|
16 of 17 people found the following review helpful:
5.0 out of 5 stars
Van Riper Shows Us The REAL Maine, September 20, 1999
By A Customer
A summer resident of Maine's easternmost corner, Frank Van Riper goes beyond clam shacks, country clubs and outlet malls to portray how people 'Down East' eke out a living and build a life.Van Riper, a former White House correspondent for the New York Daily News ably handles both camera and notepad to record vivid, full-frame images of his neighbors. This is fundamentally a book about people, and he has clearly managed to transcend that putoffishness that Maine residents are known for to get their stories alongside their pictures. The text doesn't merely accompany, nor do the photos merely illustrate; they are inseparable components. There is a timeless quality to these images of people, most seen at work. Only at times does a modern watch or a radar dome on a boat remind you that clams are still dug through back-breaking labor and lobster hauled up one or two at a time. The book was collected over a number of years, and italics note where the subject portrayed died between the portrait and publication -- and you feel the loss. This is serious documentary, with more than a hint of Walker Evans and Sebastián Salgado, but with light touches as well. Van Riper devotes a page to the peculiar delight of Maine's own Grape Nuts ice cream, a confection that predates -- and in his view, outrates -- Ben and Jerry's chunky conglomerates.
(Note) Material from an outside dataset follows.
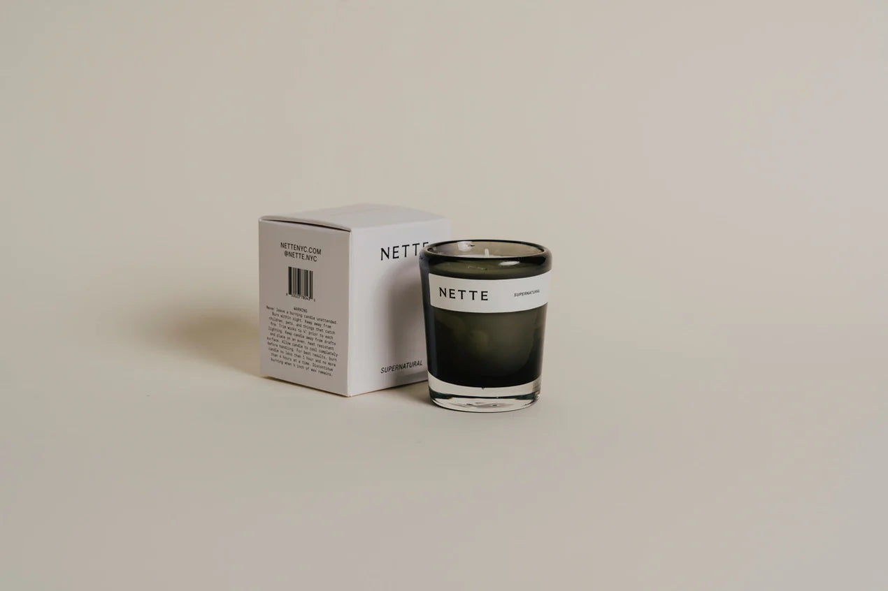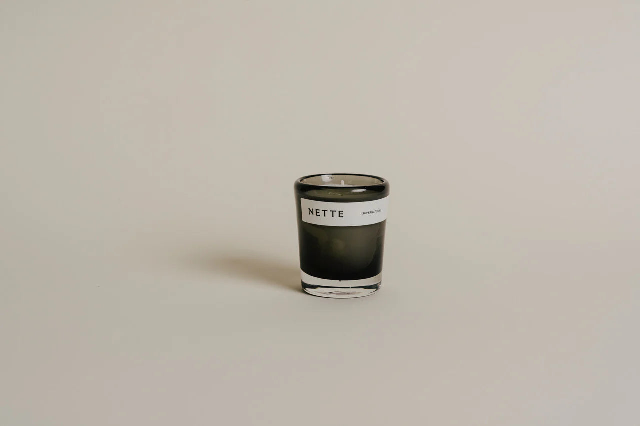 Nette 2.6 oz Smoky Glass Candle - Super Natural

A visually stunning series of what happens when a dead whale washes ashore in his small town of Kennebec closes out the book. The sharply mottled skin of the whale amid the wash-fade of a foggy illustrate the beauty of his corner of Maine, as Van Riper also tells us of hard choices a financially strapped, self-reliant community must face as it struggles to get rid of what is, after all, tons and tons of rotting flesh. This sensitive portrayal proves that what it means to be from Maine has nothing to do with what bottled water you drink.